Case Studies

Multi-label Classification

NASA has a corpus of 50,000 scientific papers, with 12 possible categories for each paper. The lowest frequency label has around 1000 occurrences in the dataset, while the highest has around 10,000 occurrences. Each paper can have multiple labels.

We were able to assign labels with 83-85% accuracy, depending on the model used, and an F1 score of >70%, in less than a minute.

A prestigious university digitized a historical collection of one million documents from the Nuremberg War Crimes Trial. The university partnered with Tolstoy to help index the documents, by tagging all document references in their 150,000+ pages of court transcripts.
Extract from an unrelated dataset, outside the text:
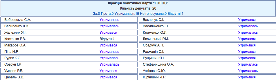 Фракція "Голос" практично в повному складі утрималася, за винятком відсутнього Костенко.

This involved two parts: 1) identifying and extracting all document mentions from the dialogue, and 2) tagging the mention as a prosecution, defense, or evidence file.

Previously, the university employed staff to do this as it required reading complex human dialogue and tagging nuanced mentions.

We were able to tag document references with 99%+ accuracy, and 92-95% recall (number of all positives captured). This saved the university several months of staff work.

Optical Character Recognition

The Wall Street Journal celebrated their 130th anniversary in 2019. As part of the celebration, they wanted to digitize and reprint articles from their entire history in a special edition.

Since many of the articles were very old, with poor, spotty scans, traditional OCR software did not pick up the text well or at all. Furthermore, many of the articles included several columns and images, which off-the-shelf OCR also struggled with.

We wrote a custom OCR script that parsed their newspaper broadsheets and clippings with 95%+ accuracy. This saved them several weeks of manual transcription.

See the final published Special Edition here.

Here’s an article about how we did it.

Entity extraction

The NY-based herbarium has a training dataset of ~300,000 OCR text from specimen labels. They are tagged with various fields, such as location, collector, date, and species information. This is manually tagged by people. Furthermore, they have ~500,000 OCR text samples without tags. Their goal is to tag fields in these untagged specimen labels.

Currently, they are able to process around 120K a year employing 2-3 people at a time. Their entire corpus includes 7.8 million specimens. At this rate, they can be finished in 65 years.

Based on a small training sample (~5,000 examples), we’re able to extract species information (family, genus, species) with 99%+ accuracy for print samples, and ~80% accuracy for handwriting samples, in minutes.

See a demo of our tool here.

Multi-label Classification

The World Bank has nearly 30,000 projects from its storied history. Each of them have multiple associated documents, including a 50-100 page document called the Project Appraisal Document (PAD). The World Bank employs a team of 40 people to assign sector and theme codes to these projects based on reading their PADs. It takes them several months to process a few thousand.

We took 10,000 PADs as training data and tuned our model to predict 11 theme codes with 80% accuracy, 78% F1 score. The per label accuracy ranges from 80-99%. This compares with the Bank team’s measured accuracy at 55% (compared with expert-labelled).

This takes our model less than a minute, versus four months of manual work with their contractors.